MICI

Interactions métaboliques-génomiques pour une médecine personnalisée et l’innovation thérapeutique dans les maladies inflammatoires chroniques de l'intestin (MICI)

La nutrition et le microbiote en tant que déclencheurs environnementaux, le métabolisme, l’épigénome et l’immunité innée en tant que modulateurs de la réactivité cellulaire et de l’inflammation et le stress cellulaire en tant que mécanismes dommageables font tous partie du scénario à l’origine des conséquences liées aux maladies inflammatoires chroniques de l’intestin (MICI).

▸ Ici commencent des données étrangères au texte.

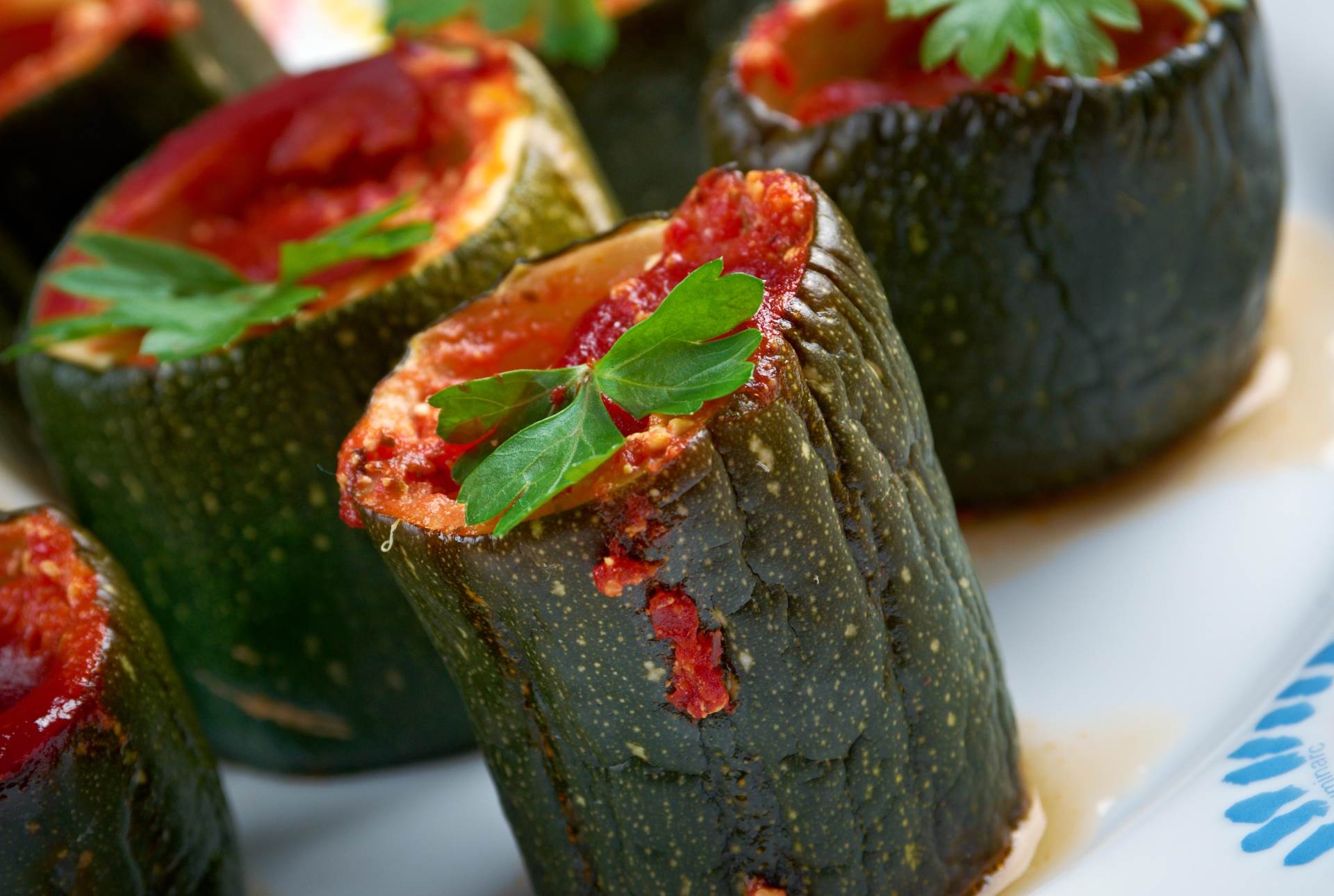 Smjesa: U tavi, na 2 žlice ulja, zapržiti jedan srednje veliki, narezani luk, dodati meso, malo ga popržiti pa ohladiti. U meso potom dodati narezana 2 češnja češnjaka, peršin i 1 tučeno jaje, te sve dobro izmiješati. S tim nadjenuti tikvice, staviti ih u lonac, pirjati sa svih strana. Zatim doliti temeljac s malo soka od rajčice te sve pirjati na laganoj vatri sat vremena. Po potrebi uliti još vode ili temeljca a ako želite gušći umak, možete pred kraj dodati malo brašna. Poslužiti uz kuhani krumpir, po želji.

Nous étudions l’interaction entre le stress nutritionnel, le métabolisme, l’épigénome et les causes cellulaires sur les manifestations des MICI chez des modèles animaux et des cohortes. L’objectif final est d’améliorer la qualité des soins prodigués aux patients atteints de MICI grâce à l’identification de nouveaux facteurs prédictifs et à l’innovation thérapeutique grâce à un réseau de partenariats au sein de la FHU ARRIMAGE (Fédération Hospitalo-Universitaire ARticular Remodeling/Inflammation/Immunomodulation/Metabolism in diseased AGEing).

Shéma présentant les MICI (IBD)
Shéma présentant les MICI (IBD)

Les 2 axes du projet MICI

  1. Interactions entre épigénome-stress cellulaire-immunité innée dans les manifestations des MICI

Cet axe vise à déchiffrer le stress cellulaire et le métabolisme de l’ARN dans notre modèle expérimental de MICI chez des rats MDD (Methyl-Deficient Diet) soumis au DSS (Dextran Sodium Sulphate). Nous étudions l’expression et la délocalisation sous-cellulaire de HuR, avec des conséquences sur les navettes nucléo-cytoplasmiques de l’ARN et sur l’adaptation au stress du réticulum endoplasmique par l’influence sur l’expression de SIRT1.

Nous étudions le rôle complémentaire de l’ARN: pseudouridine-synthase hPUS10 et explorons les rôles en interaction de ERAP1 et de SIRT1 en tant que modulateurs du stress du réticulum endoplasmique chez les MICI. Nous étudions les mécanismes contribuant à l’inflammation pathologique dans l’axe intestin-articulaire, y compris le microbiome intestinal (bactéries, virus et champignons), en utilisant une approche multimodale de la souris à l’humain et grâce à un effort de collaboration régional dans la région du Grand Est.

  1. Biomarqueurs en médecine stratifiée des MICI

Nous identifions de nouveaux facteurs prédictifs de complications de la maladie, ainsi que l’efficacité et la sécurité des produits biologiques, via une analyse approfondie des marqueurs associée à une approche omique pour la mise au point de thérapies personnalisées. Nous utilisons nos cohortes et bio-banques prospectives et bien caractérisées de MICI, régionale (cohorte MICI de Nancy et projet TARGET), et existantes, nationales (GETAID, etc.) et européennes (ICARE, etc.). Cet axe examine les biomarqueurs identifiés à partir d’analyses intégrées d’études omiques du méthylome et du transcriptome dans des PBMC (Peripheral Blood Mononuclear Cells) de patients atteints de MICI.

En collaboration avec Enterome, un partenaire privé, nous cherchons à identifier de nouveaux marqueurs capables de prédire la cicatrisation des muqueuses. Tous les marqueurs sériques, génétiques et fécaux identifiés avec la plus grande valeur prédictive seront évalués comme candidats à l’inclusion dans le projet d’indexation MUCOSA.